Obesity is a serious public health concern of twenty-first century as it is growing worldwide in epidemic proportions. This obesity epidemic, alert the public and scientific communities to improve the effectiveness of available treatments. The necessity of safe and long term effective drug for obesity prompted us to scientifically evaluate the anti-obesity potential of aqueous extract of a traditional healer Achyranthes aspera Linn. in high fat diet (HFD) induced obese rats. Among various animal models of obesity, HFD induced animal models are used for this study as a high percentage of fat (particularly beef tallow) in the diet is considered to be an important factor in the development of obesity, with visceral adiposity, hyperglycemia, dyslipidaemia, hyperinsulinemia, and hepatic steatosis, which are distinctly linked with human obesity [33].

It is well known that dietary fat (triacylglycerol) is not directly absorbed from the intestine unless it has been subjected to the action of pancreatic lipase [34]. Since dietary lipids represent the major source of extra calories, the inhibition of fat digestion is an interesting approach for reducing fat absorption. Orlistat is the only authorized pancreatic lipase inhibitor currently available in the market to treat obesity, which works by inhibiting the lipase activity and thereby increasing fat excretion into faeces [35]. But it was also reported that prolonged intake of orlistat have adverse effects such as steatorrhea, bloating, oily spotting, faecal urgency etc. [36]. Thus the search for safe and potent pancreatic lipase inhibitor is still in hunt. In the present study, the plant extract (AEAA) has been analysed for its in-vitro pancreatic lipase inhibition assay and the obtained data shown that AEAA inhibited pancreatic lipase slightly in a dose dependent manner (Fig. 2). To confirm this in-vitro pancreatic lipase inhibition activity, the effect of AEAA was examined on plasma triacylglycerol concentrations after oral administration of a lipid emulsion containing corn oil in rats. The results (Fig. 3) showed that AEAA slightly reduced the elevation in plasma triacylglycerol levels after oral administration of a lipid emulsion.

A gain in body weight is a common index of obesity development [37]. In this study we found that HFD feeding resulted in approximately 15% more weight gain in the obese control rats when compared to normal control animals in a period of 60 days. This weight gain might be due to development of a positive energy balance on HFD feeding, leading to an increase in visceral fat deposition. It was found that the administration of AEAA along with HFD resulted in significant reduction (p < 0.05) of weight gain in a dose dependent manner when compared to the HFD alone fed obese control rats (Fig. 5). These inhibitions in weight is not fully due to decreased food intake as there was not much difference in the amount of food consumed between the HFD (Group II) and AEAA treated groups (Group III to V) (Fig. 4). This reduction in body weight may partially be mediated via the inhibition of pancreatic lipase activity and via the activation of thermogenesis through the stimulation of the β-adrenergic receptors [38].
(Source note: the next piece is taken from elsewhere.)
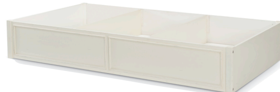
Trundle Storage Drawer 75W x 42D x 13H

At the cell biological level, an important characteristic feature of obesity is increase in the number as well as size of adipocytes due to excessive fat deposition [39]. Thus, measuring the weight of these fat pads provide an insight about the severity of obesity. It was found that the weights of the mesenteric, retroperitoneal and perirenal adipose tissue deposits were significantly higher in the HFD fed rats than the normal diet fed rats. While, treatment with AEAA significantly (p < 0.05) reduced the weight of these fat pads when compared to that of HFD group. Furthermore, the measurement of the area of adipose cells after 9 weeks of administering AEAA along with a HFD showed that the plant extract suppressed the increases in the area of adipocytes in a dose dependent manner (Table 1, Fig. 7). Increase in organ weight can also be used as an index of obesity because intake of excess energy led to accumulation of extra energy in adipose tissues followed by accumulation in organs such as liver, kidney, heart and spleen [40]. HFD feeding to the experimental rats resulted in an increase in the weight of these organs by approximately 82%, 64%, 66% and 80% respectively. However, administration of AEAA reduced the observed gain in organ weights in a dose dependent manner with the highest dose (300 mg/kg bw) producing the maximum effect (Table 1).

BMI, a standard practical approach for assessing body fat provides a more accurate measure of total body fat as compared to the assessment of body weight alone [41]. But BMI is not a precise predictor of cardiovascular disease (CVD) although there is a correlation between obesity and risk for cardiac disease. This makes measurement of BMI alone is insufficient for determining the risk of CVD. As excess abdominal fat will predispose obesity-related risk of CVD regardless of overall body fat, measuring waist circumference (WC) plays a critical role to assess obesity related cardiac risk. It has been reported that a reduction of 1 cm in the WC corresponds to a reduction of 1 kg of visceral fat. Moreover, it has also been reported that, if WC is increased by 1 cm, the risk for the development of hypertension is increased by 2.49 times [42]. In the present study, the increased BMI and WC in HFD fed animals demonstrated the efficiency of HFD to induce obesity in these animals. However, the BMI and WC were reduced significantly (p < 0.05) on treatment with AEAA in proportion to dose (Table 2). This reduction in BMI and WC indicated, decrement in fat accumulation as well as utilization of stored energy.

Overweight and obesity stands out the key triggers for insulin resistance (IR) and type 2 diabetes mellitus (T2DM) [43]. IR may develop due to alteration in the profile of bioactive substances called ‘adipocytokines’ (leptin, adiponectin, TNF-α, IL-6 etc.,) secreted by adipose tissue [44]. In the obese state, adipose tissue secretes proportionally more adipocytokines such as leptin, TNF-α, IL-6 etc., that may cause insulin resistance and fewer adipocytokines (eg., adiponectin) that is responsible for insulin sensitivity. Thus in obese condition due to insulin resistance glucose cannot be transported into the muscle or liver cells and leads to hyperglycemia. In responsive to hyperglycemia, pancreatic β-cells continually synthesize insulin which in turn leads to hyperinsulinemia. The results of present study also showed significant (p < 0.01) increase in the levels of serum glucose and insulin in HFD fed rats when compared to normal diet fed rats (Table 3). However, rats administered with AEAA along with HFD showed significant (p < 0.05) decrement in the levels of serum glucose and insulin in a dose dependent manner. As reported in earlier studies [45] this hypoglycemic and hypoinsulinemic effect may be mediated by the active phytoconstituents present in the test drug through the improvement of IR via increased adiponectin and reduced TNF-α secretion.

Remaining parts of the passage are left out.